The relative sizes of the red and green bars can be used to make an educated call on whether to roll out the variant or not (going beyond p-values and relying entirely on confidence intervals is beyond the scope of this post, but I may cover it in future).

Conclusion

So, we managed to (closely) replicate the p-value we got from the traditional approach using bootstrapping. Let’s compare:

  • Both approaches gave us similar test results - we feel confident rolling out the variant.
  • For the traditional approach, we needed to understand the nature of the measure and distributions before knowing which hypothesis test to apply.
  • For bootstrapping, it doesn’t matter, we just run the procedure.
  • For bootstrapping, we also get confidence intervals and a distribution of the likely uplift values to interpret.
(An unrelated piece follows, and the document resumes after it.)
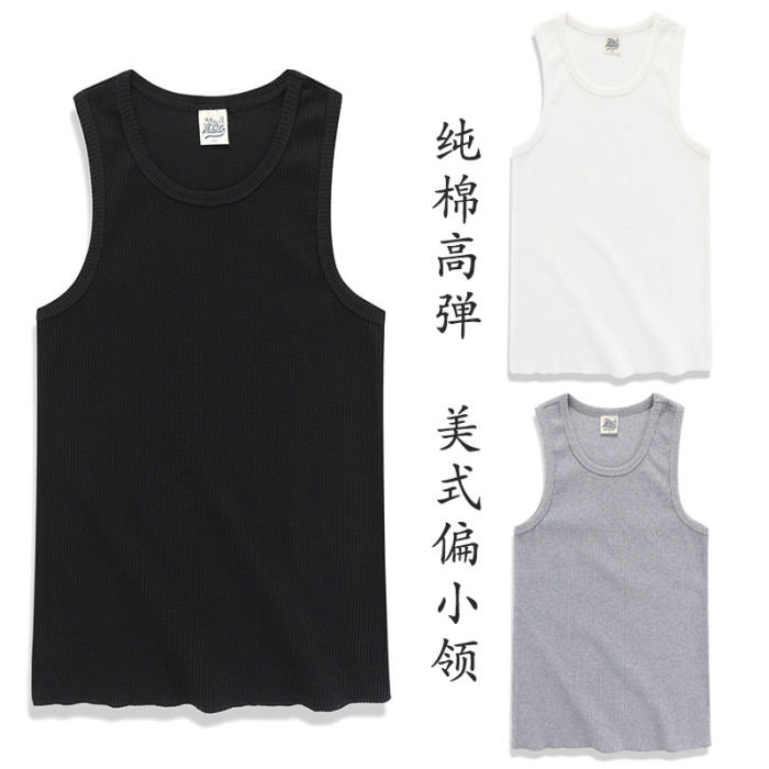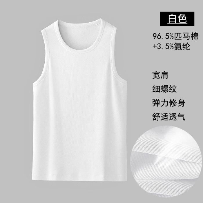 寬肩背心白色 比馬棉240g彈力修身男女同款

Some interesting things to note about bootstrapping for confidence bounds and p-values

  1. The p-value you generate will only have a precision of roughly the inverse of the number of bootstrapping iterations you use. So, if you’d like to evaluate the significance at a level of 0.05, you’ll need at least 20 simulations (and you should always aim for far, far more, given the randomness aspect that affects this).
  2. Confidence intervals are similarly affected, since they’re just the quantiles of the bootstrapped measures, so having more bootstrap iterations will make these a little smoother (especially if you want more granular confidence bounds or distributions of the measure).

Useful links:

  1. https://statisticsbyjim.com/hypothesis-testing/hypothesis-tests-confidence-intervals-levels/
    Explains that the p-value and confidence intervals always agree.
  2. https://statisticsbyjim.com/hypothesis-testing/bootstrapping/
    Describes bootstrapping and confidence bounds.

Footnotes

  1. The question of whether you can bootstrap the A/B test and interpret the number of times the control beats the variant as a p-value is something I can’t find consensus on.
    You can easily find people essentially saying “Yes! This is equivalent!” and people saying “No! You need to do something different!2.
    I’m not entirely sure where I fall on this. I will say that where I’ve been able to replicate my bootstrap findings using traditional approaches, they’ve always agreed. This is from an admittedly small sample size of a few dozen A/B tests, and all in the product feature testing domain, with moderately large sample sizes (tens of thousands at least). So, it may be that the p-value from a traditional approach and the $1-\alpha$ bootstrapping approach just happens to match in many/most scenarios, but that this approach breaks down in some edge cases.
    I’m also open to the interpretation that I’m doing something subtly wrong - if you know what this is, let me know! 

  2. The alternate approaches suggested are usually just variants on bootstrapping: a permutation test and a mean-shift. I haven’t really tried these out, but I may do a numerical comparison of these approaches for some standard problems.